Flying Lotus Los Angeles
Birthed under the considerable influence of producers Jay Dilla and Prefuse 73, the instrumental Los Angeles was the best hip-hop record of the year. That's a testament to its slippery rhythms, its novel textures, and, sadly, the terrible state of the art in 2008.

Fennesz Black Sea
A fitting companion to the discs listed above, Christian Fennesz's latest is less a feat of sound making than of remarkable sound treatment. The Austrian guitarist runs his instrument through layers of digital pixilation, evoking the kind of sublime racket you might expect if Kevin Shields tried to cover a Harold Budd record.

Four Tet Ringer
Too frequently too clever for his own good, Kieran Hebden reined in his ambition on this EP, forging a wondrous celestial union between Italian disco, Detroit techno, and electronic minimalism í  la Steve Reich. This is hypnotic, hooky stuff—and the best of a bevy of "cosmic" dance records released in 2008.

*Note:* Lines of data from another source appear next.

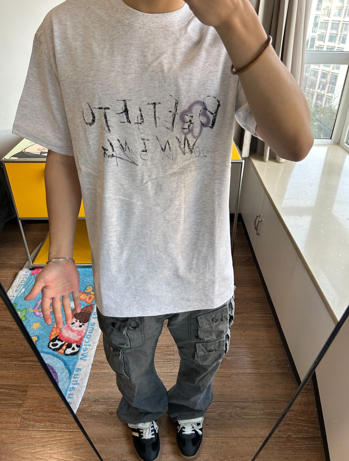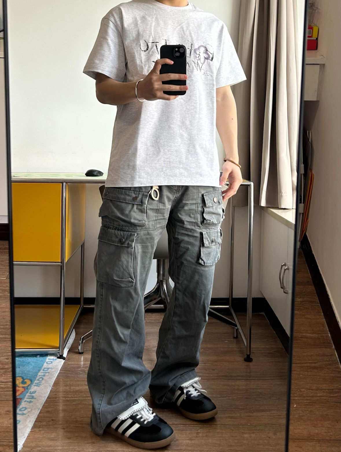 今日分享 👔选择BEETLE TOWN涂鸦手绘T恤版型微宽松,上身显瘦的 涂鸦印花挺有个性,是我的菜 175/65穿的M (合适) 👖选择多口袋 工装裤 水洗灰的做旧效果挺酷 男女皆可驾驭 👟选择adidas originals samba wb薄底德训鞋我的通勤好搭子时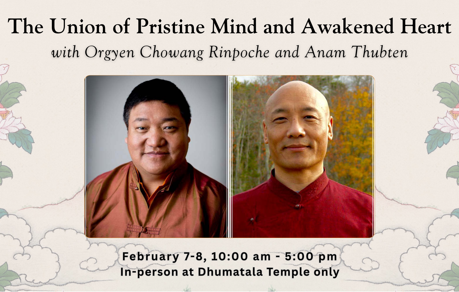 Anam Thubten and Orgyen Chowang Rinpoche will offer dharma talks and meditation practices to evoke our own pristine mind and awakened heart.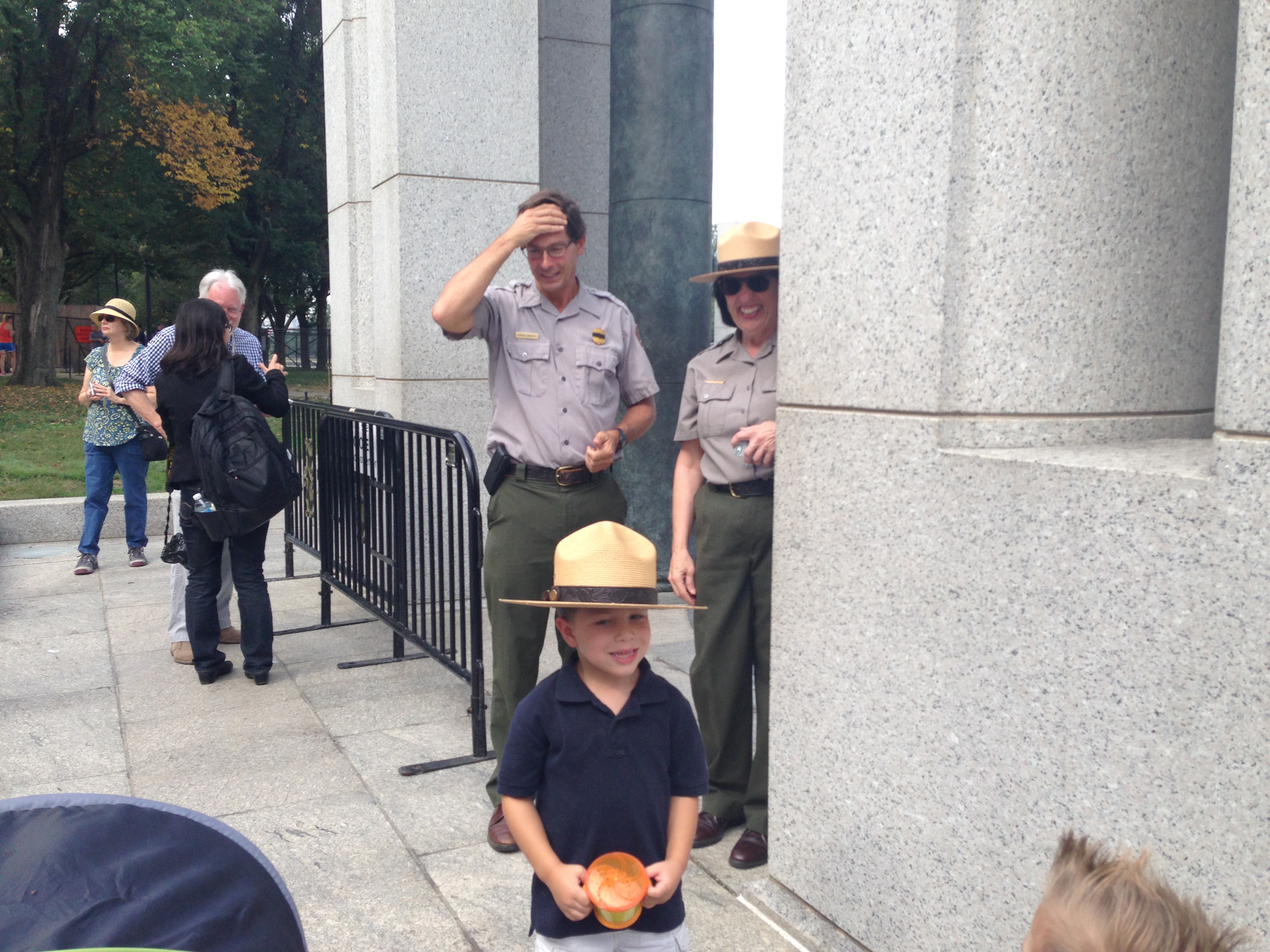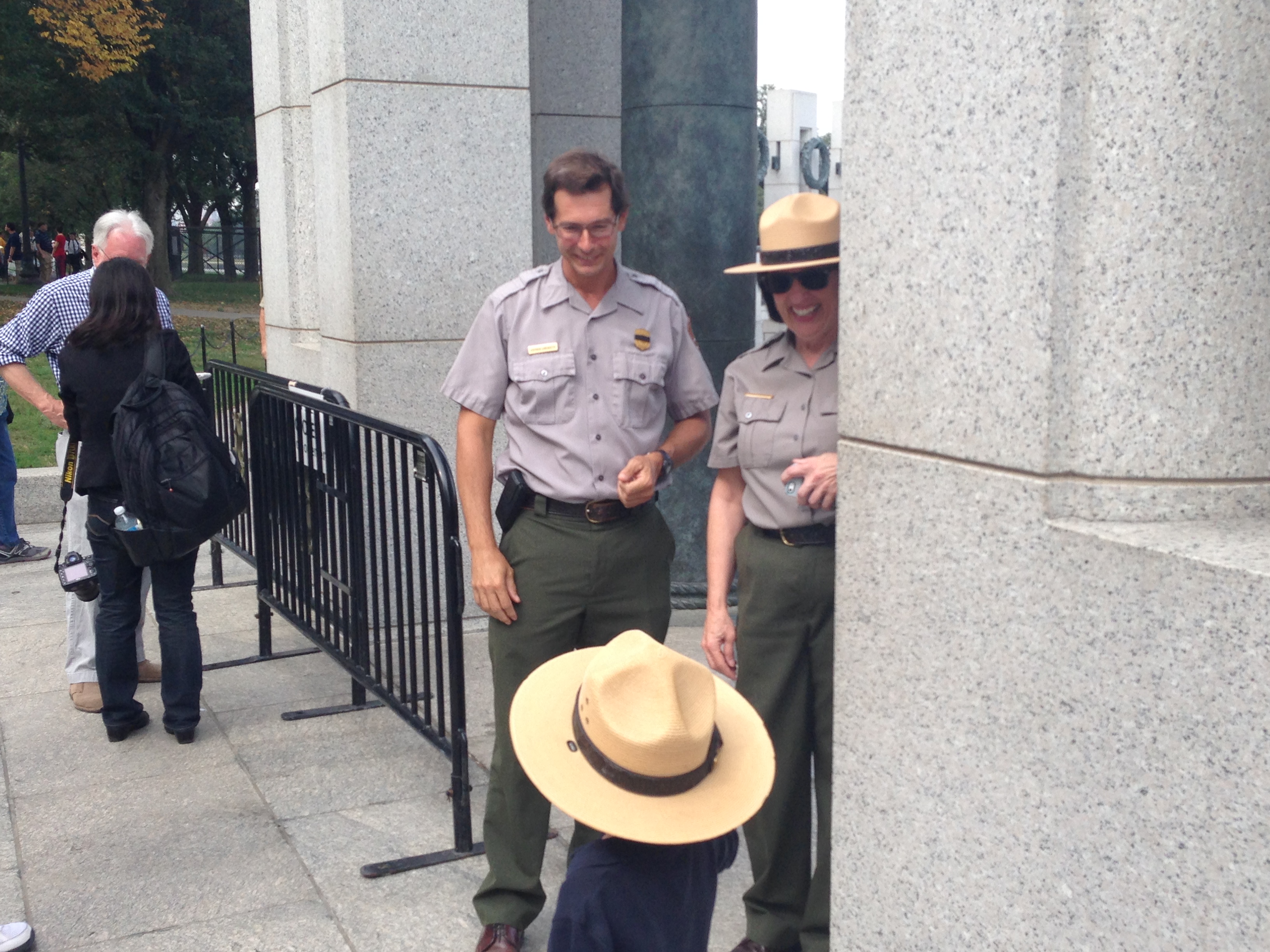 Meanwhile, the U.S. Park Service Rangers are still out there, hard at work being big ‘ol jerks, doing things like letting families at the WWII Memorial take cute pictures of their kids wearing Park Service Ranger hats, as DCist reader Matt Rollins tells us.

Quiet Village Silent Movie
If you don't have the money for a Hawaiian vacation this winter, you could do worse than mix yourself a double Mai Tai, turn the furnace up full blast, and baste in your own juices to the sweet tropical strains of Silent Movie, a remarkable '70s-era lounge pastiche that manages to be kitschy and refined all at once.

Beck Modern Guilt
Odelay aside, Beck's best records tend to be his most restrained—and this, his homage to '60s psych-pop, rates among his finest. Over 33 swift minutes, he's at his humblest—frank, instinctive, and utterly committed to no-frills songcraft.

Vampire Weekend Vampire Weekend
For its literate account of campus life, for its intermittent West African pulse, for its indelible hooks, and for "Cape Cod Kwassa Kwassa" alone, this might be the finest debut rock record of the decade. It's hard to believe these young dandies will ever top it.

Coldplay Viva La Vida
Chris Martin and company received more than a mere lesson in engineering from Brian Eno; they learned how to write better, shorter songs that move restlessly around the dynamic range. This disc is no masterpiece, but it does hint at what these Englishmen could accomplish if they keep pushing themselves.

Ne-Yo Year of the Gentleman
A month ago, I gave a lukewarm review to this disc, and then found myself returning to it, obsessively, for weeks. I haven't a clue what airs on top-40 radio these days, but if it's not songs like "Closer" and "Single", teenage girls are the worse for it.

Randy Newman Harps and Angels
Wryness is virtually absent from our age, unseated long ago by cynicism. Randy Newman is as wry as wry gets, and in a world gone mad, he offers a small masterpiece—a funny, intelligent, deceptively effortless album about the United States, a country he loves more than he hates, but not by much.